Stories

Table of Contents

Summary

In agile practice, a user story is the unit of planning: a short statement of one outcome valued by someone, deliberately small enough to finish within an iteration, with acceptance criteria that make "done" checkable. Stories let a team plan in outcomes rather than activities, and grow into epics when several of them arc toward one larger capability.

In ORE Studio, a story is the unit of sprint-level intent: one coherent outcome a sprint commits to, born from a capture promoted out of the product backlog and decomposed into one-PR-sized tasks. Stories are grouped in the sprint backlog by theme, optionally clustered into epics, sized by their task count, and live in exactly one sprint — unfinished work continues through an explicit successor story, never by dragging the story along.

Detail

What a story is

A story captures one outcome, phrased from the point of view of what it delivers, with explicit acceptance criteria. It is the level at which the sprint plans and reports: the sprint page's * Stories tables list stories, the sprint health charts count story transitions, and the retrospective talks in story outcomes.

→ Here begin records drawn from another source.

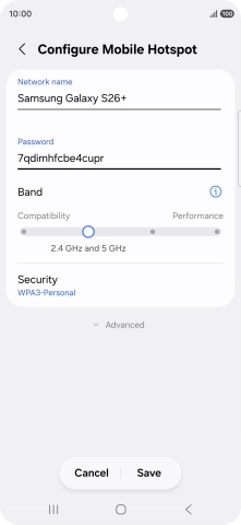 Press WPA3-Personal to password protect your Wi-Fi hotspot.
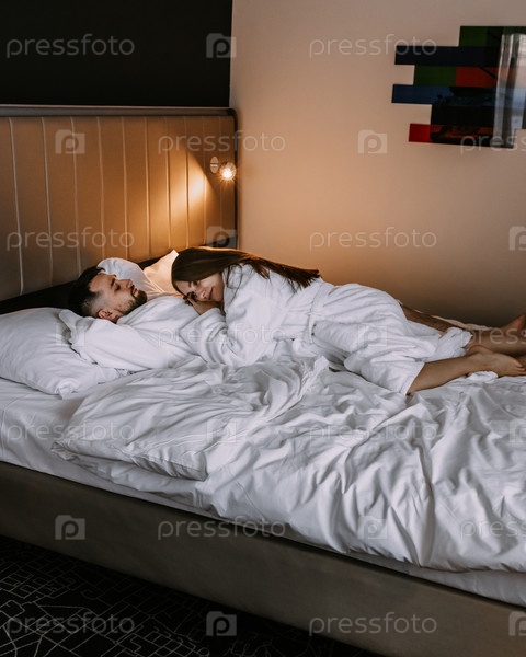 Счастливая молодая пара сидит утром в постели и завтракает в отеле
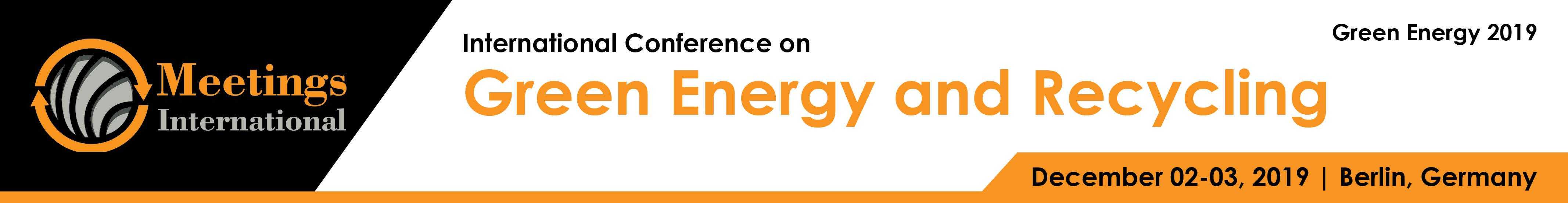 International Conference Green Energy and Recycling warmly welcomes each one of the individuals and supporters from worldwide to attend during December 02-03, 2019 in Berlin, Germany which will emphasize on the theme 'Green Energy: Brightening Up the Sustainable World'. This Congress will serve an excellent experience and opportunities to enhance one's career. This conference is focused on all the major fields of Green Energy & recycling. It provides a platform for researchers/scientists to share and globalize their research work while the participants from industry can promote their products thus felicitating dissemination of knowledge. We anticipate participants around the globe with thought provoking keynote lectures, oral and poster presentations.
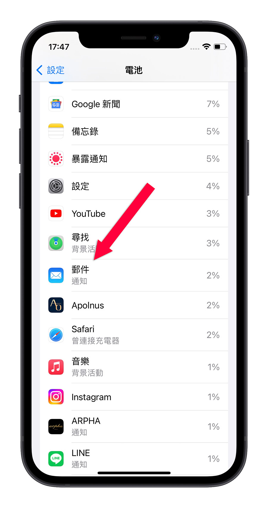 例如下面这个《邮件》App,在萤幕使用时间上看起来都是在背景执行,但也是有占总体耗电量的 2%。

Stories come from captures: during sprint planning a chosen capture is moved into the sprint and its #+type: flips from capture to story, preserving its :ID:. A story's own content contract — blurb, * Goal, * Status, * Acceptance, * Tasks, * Decisions, * Out of scope — is defined in Document types.

Themes and epics

Every story sits under one of the six sprint themes (Product, Tooling, Agile, LLMs, Documentation, Infrastructure) in the sprint's * Stories section. Within a theme, an epic is an optional sub-grouping for a cluster of two or more stories that form a coherent multi-story arc toward a single named capability; it carries a one-paragraph description of what the arc is working toward. Stories that belong to no epic sit directly in the theme's table.

Sizing

Stories are sized by their tasks: a story with more than ~10 tasks is usually two stories. The converse also applies — a task whose work is genuinely one outcome but too large for one PR should be promoted to a story whose tasks are the natural decomposition.

Ready and done

A story is ready to leave BACKLOG when its Goal, Acceptance, and at least the first few Tasks are filled, and its parent sprint exists.

A story is done when every task is DONE / ABANDONED / carried, and the Acceptance has been re-read and still holds.

Cross-sprint continuations

A story belongs to exactly one sprint. When work doesn't fit:

  1. Close the story in sprint N as DONE reflecting what landed.
  2. Tasks that didn't make it are recorded in the predecessor's * Out of scope or moved to the successor's BACKLOG.
  3. Create a successor story in sprint N+1 with:
    • A fresh :ID:; slug suffixed _continued, _phase_2, or similar.
    • #+predecessor: frontmatter pointing at the prior story.
    • A Continued from: line under the parent-sprint link.
  4. Update the predecessor:
    • #+successor: frontmatter pointing forward.
    • Continued in: note in * Decisions.

Audit verifies the bidirectional link. The same pattern applies across version boundaries.